I’ve been without internet access for 2 days now. Like dog years, 2 internet free days in Spain equal about 200 vacation years or possibly more if you add in the lack of phone access. So much can happen in two days.
When Corey and I met up in Atlanta, he proudly announced that he was going unplugged for this vacation because he only had his iPad, his iTouch and his iPhone.
There’s no correlation between my lack of internet and Corey’s definition of “unplugged” except that the one made me think of the other and Corey makes me laugh.
And none of this has to do with the Alhambra so if you’ll stop asking me questions, I’ll post pictures! Geez… some people’s kids.
How about this for starters?
That’s the Court of Myrtles in the Nasrid Palace. I’m going to apologize right now for the quality of my pictures in this post and just say that I think I forgot how to use my camera. I took a billion pictures and so few of them are any good, or do any justice to this place.
Despite what you may see, however, the Alhambra is Spain’s greatest Moorish palace built in the 14th century by Islam rulers and then taken over by Ferdinand and Isabella in the 15th century. As a tourist attraction, it has one of the more rigorous entrance rituals I’ve encountered because they only allow 6,000 people into the Alhambra per day and only 300 people into the Nasrid Palace at a time. It’s such a popular location that they only sell 1,000 tickets per day to walk up visitors and the rest are advance sales. Chances are good that if I hadn’t bought my tickets online, you would not be subjected to my terrible pictures. Aren’t you lucky? Or something?
I bought my ticket online and chose a 30 minute window to visit the palace and then had to arrive an hour before my appointment time to pick up my ticket. The website assured me that if I was late, I wouldn’t be admitted. Even arriving early for the palace, this represented about a fifth of the line
The palace is beautiful with every inch of exposed space covered with exquisitely intricate decorations stamped in plaster and carved in wood.
You can still see traces of paint. It’s largely monochromatic now but apparently it used to be painted and gilded as well. The craftsmanship in the Alhambra is overwhelming. I look at places like this and can’t imagine the amount of work, time and the number of people necessary to build something like this.

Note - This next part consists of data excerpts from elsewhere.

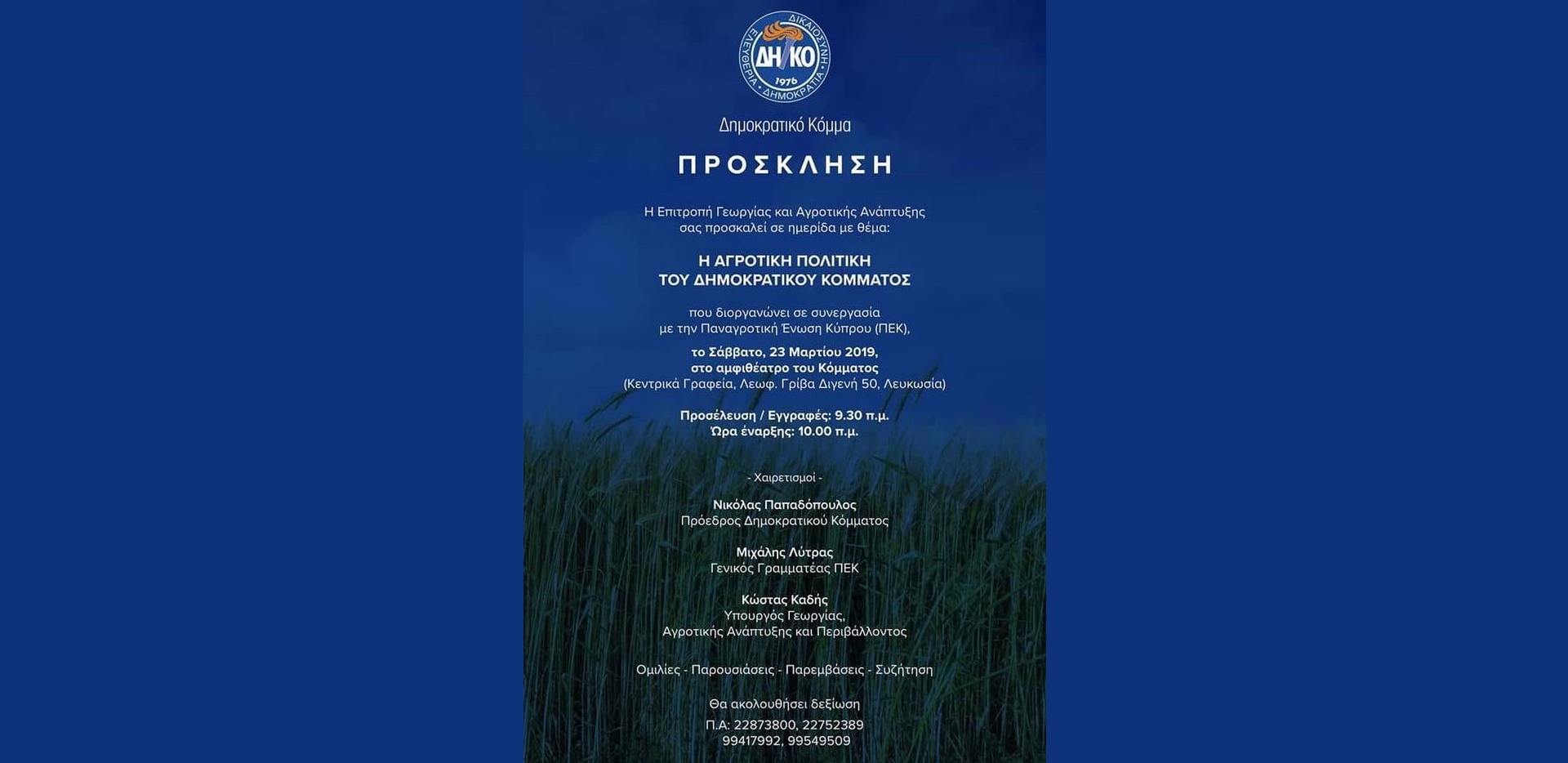 Η Επιτροπή Γεωργίας και Αγροτικής Ανάπτυξης του Δημοκρατικού Κόμματος, σε συνεργασία με την Παναγροτική Ένωση Κύπρου (ΠΕΚ), διοργανώνει ημερίδα με θέμα «Η αγροτική πολιτική του Δημοκρατικού Κόμματος», το Σάββατο, 23 Μαρτίου 2019, στις 10:00 π.μ., στο αμφιθέατρο των κεντρικών γραφείων του Δημοκρατικού Κόμματος.
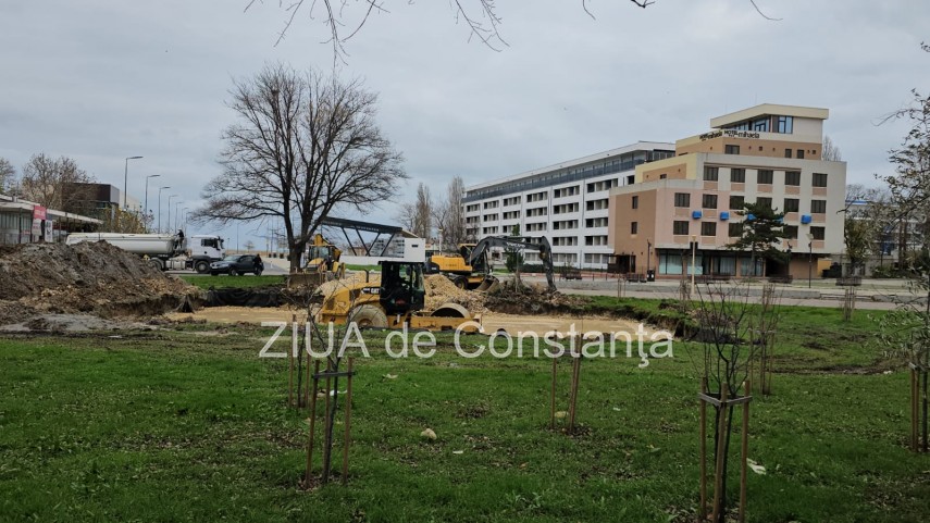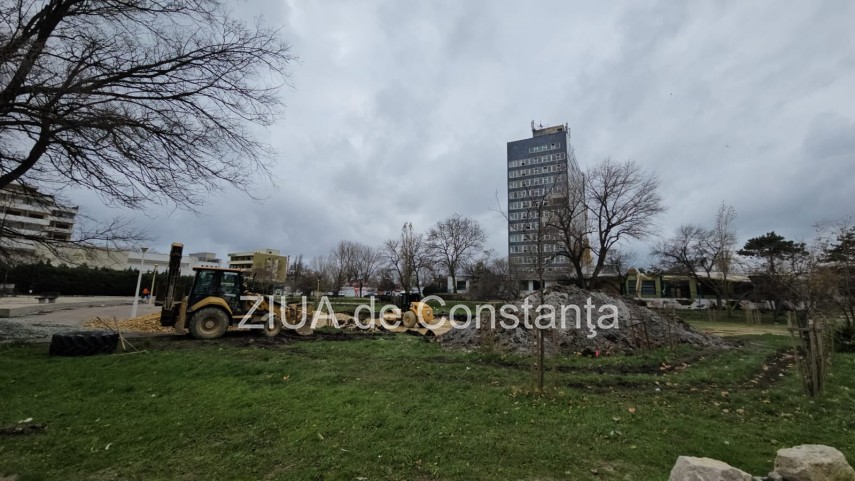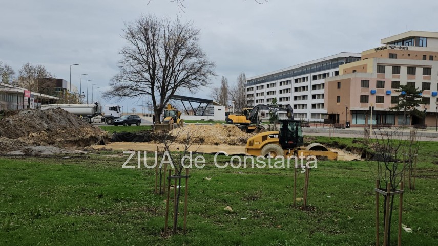 FOTO+VIDEO Fostul bazin din stațiunea Mamaia, zona Perla, transformat în spațiu comercial. Lucrările au început
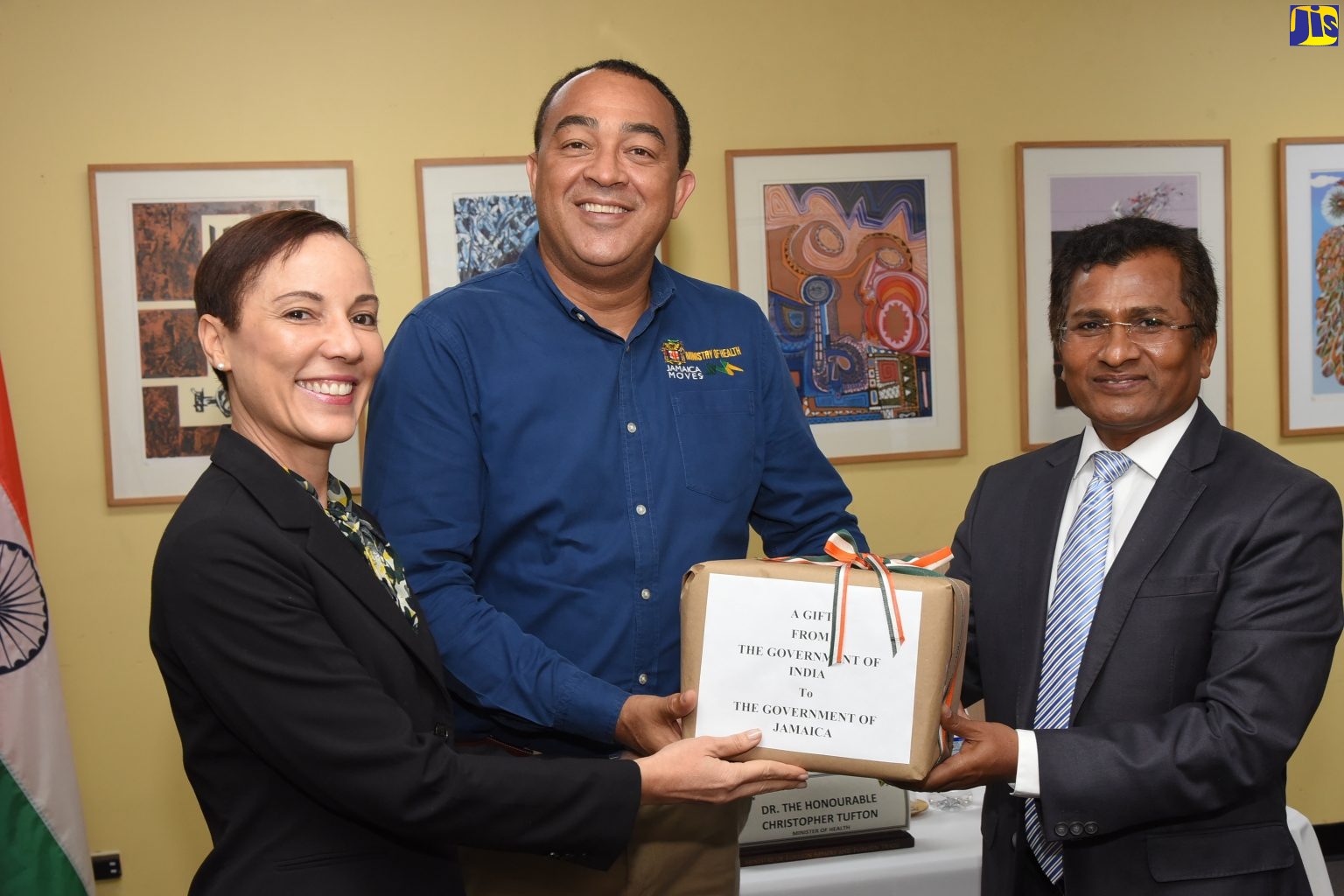 Foreign Affairs and Foreign Trade Minister, Senator the Hon. Kamina Johnson Smith (left); and Health Minister, Dr. the Hon. Christopher Tufton (centre), receive a package of medication from Indian High Commissioner to Jamaica, His Excellency, Sevala Naik. Medications, valued at US$150,000, was handed over to the Government at the Foreign Affairs Ministry
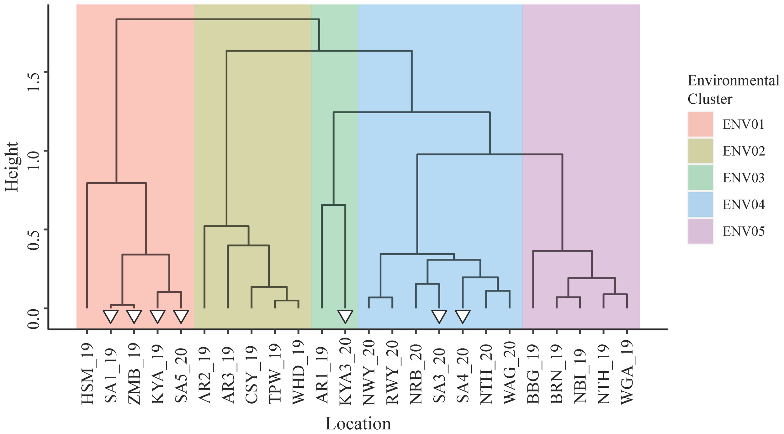 Environmental clusters revealed by hierarchical clustering of the additive genetic correlation matrix formed from the additive genetic variances and covariances between trial sites. White triangles identify trial sites within Sub-Saharan Africa.
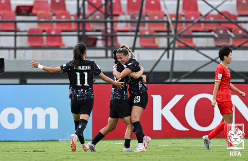 초반부터 중국을 강하게 몰아친 한국은 전반 12분 범예주의 슈팅이 골포스트를 강타하며 분위기를 가져왔다. 선제골은 골대를 맞춘 후 1분 만에 터져 나왔다. 강한 전방 압박을 통해 상대 진영에서 볼을 빼앗아낸 한국은 케이시가 원주은의 패스를 논스톱 슈팅으로 연결해 골망을 갈랐다. 케이시의 이번 대회 첫 골이 가장 중요한 순간에 터진 것이다.
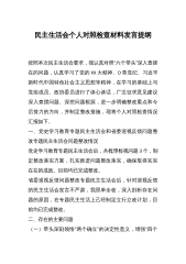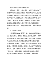 民主生活会个人对照检查材料范文按照本次专题民主生活会要求,本人深入学习习近平新时代中国特色社会主义思想、党的十九大和十九届历次全会精神,跟进学习习近平总书记系列指示批示精神,系统学习党中央、国务院关于xx工作的重大决策部署,在学习研讨、谈心谈话、征求意见的基础上,对照会议主题认真查摆自身差距和不足,剖析问题根源,找准原因症结,明确了今后努力方向。现作如下对照检查,请大家批评指正:一、存在的主要问题1.加强思想政治建设方面。本人能够始终做到对党忠诚,坚决听党话、感党恩、跟党走,坚持“党是领导一切的”原则不动摇,在贯彻落实中央和省市委决策部署方面都能站在讲政治的高度,以高度的使命感和责任感抓好落实...
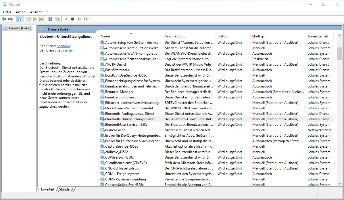 Meine Lösungsansätze waren da dann erstmal PC neustarten (auch mit deaktiviertem Schnellstart), dann Bluetooth- und WLAN-Geräte inklusive Treiber deinstallieren ("Treibersoftware für dieses Gerät löschen" im Task-Manager), deinstallieren der Intel Bluetooth-Software unter Software, weiterer Neustart des PCs und anschließendem Reinstallieren der Bluetooth- und WLAN-Treiber.

Can you imagine this ceiling as a riot of color?
or this archway?
Interspersed within all this decoration is this phrase repeated something like 9,000 times throughout the complex
Which means “Only Allah is Victorious.” I find it interesting that Catholic rulers Ferdinand and Isabella took over this palace and renovated parts of it but didn’t disturb any of these phrases. Maybe their interpreters neglected to fill them in on the meaning? or perhaps their aesthetic senses took over.
The gardens are equally as beautiful.
And though Granada has grown since the 14th century, even back in the day I imagine the Alhambra served as a green oasis in the middle of an urban area, like a Central Park for Muslim royalty.
After I saw La Sagrada Familia I felt like seeing another cathedral would be like climbing a mountain after summiting Everest. Fun. Cute. But really?
After the Alhambra, I’m pretty sure I’ve visited the pinnacle of Moorish architecture. But with little else to compare it to, I might need to visit a few hundred more just to make sure. When I get that chance, you’ll hear about it.